Wednesday, January 06, 2016

UK: Complaints over soft jail terms rocket by 97% following anger that paedophiles, killers and rapists are being let off with lenient sentences

Complaints about lenient sentences imposed by judges have risen sharply amid concerns criminals are being let off with unduly soft punishments.

The latest figures show that in 2014 there were 674 complaints made on behalf of victims following anger that sentences handed to killers, paedophiles, robbers and rapists were not tough enough – a rise of 97 per cent on the 342 made in 2010.

Now attorney general Jeremy Wright, Britain’s top law officer, is boosting the number of prosecutors available to challenge lenient sentences and help tackle the rising caseload.

In 2014 the attorney general referred 122 cases to the Court of Appeal – up 42 per cent since 2010.  Since 2011, 322 sentences have been beefed up after complaints.

Under the attorney general’s pilot scheme announced today, the prosecutors who can appeal using the Unduly Lenient Sentences (ULS) scheme is to be widened from Treasury counsel – a small group of 18 senior barristers who take on such cases on behalf of the Government – to about 800 lawyers.

Mr Wright said: ‘It’s vital that the public are able to legally challenge custodial sentences and to make sure offences are being properly punished. With the number of referrals increasing, it is right that we look at ways to widen the approach.’

Under the ULS, members of the public can ask the attorney general to examine sentences they believe to be very low.

It is reserved for certain types of case including murder, rape, robbery and some child sex crimes. Government law officers may then ask the Court of Appeal to look at the sentence.

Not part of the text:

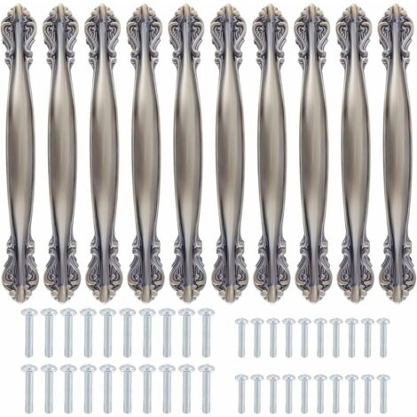 Verpasse deinen Möbeln einen vintage Look! Diese 10 antiken Griffe in Messing-Optik sehen einfach klasse aus. Mit 128mm Lochabstand und 167mm Gesamtlänge passen sie perfekt zu Schränken, Kommoden und Truhen. Inklusive 25mm und 45mm Schrauben für verschiedene Möbeldicken. Aus hochwertiger Zinklegierung - robust und langlebig. Einfach zu montieren, kein Profi nötig. Ob in der Küche, im Bad oder Schlafzimmer - diese Griffe machen aus langweiligen Möbeln echte Hingucker!

The punishment can be kept the same, increased or the court can issue guidance for future cases.

In July 2013, disgraced BBC presenter Stuart Hall had his sentence for a series of sex assaults on young girls doubled after Appeal Court judges ruled his 15-month term was ‘inadequate’ and should be increased to 30 months.

Last month, Martin Tom, 26, from Beccles, Suffolk, who raped a woman during a burglary while high on crack cocaine, had his sentence increased from five years and four months to seven-and-a-half-years by the Court of Appeal.

Sir Brian Leveson, president of the Queen’s Bench Division and one of the country’s most senior judges, said: ‘The number of sentences found to be unduly lenient following consideration by the attorney general continues to be low – a very small fraction of the many thousands of offenders sentenced in the Crown Court.’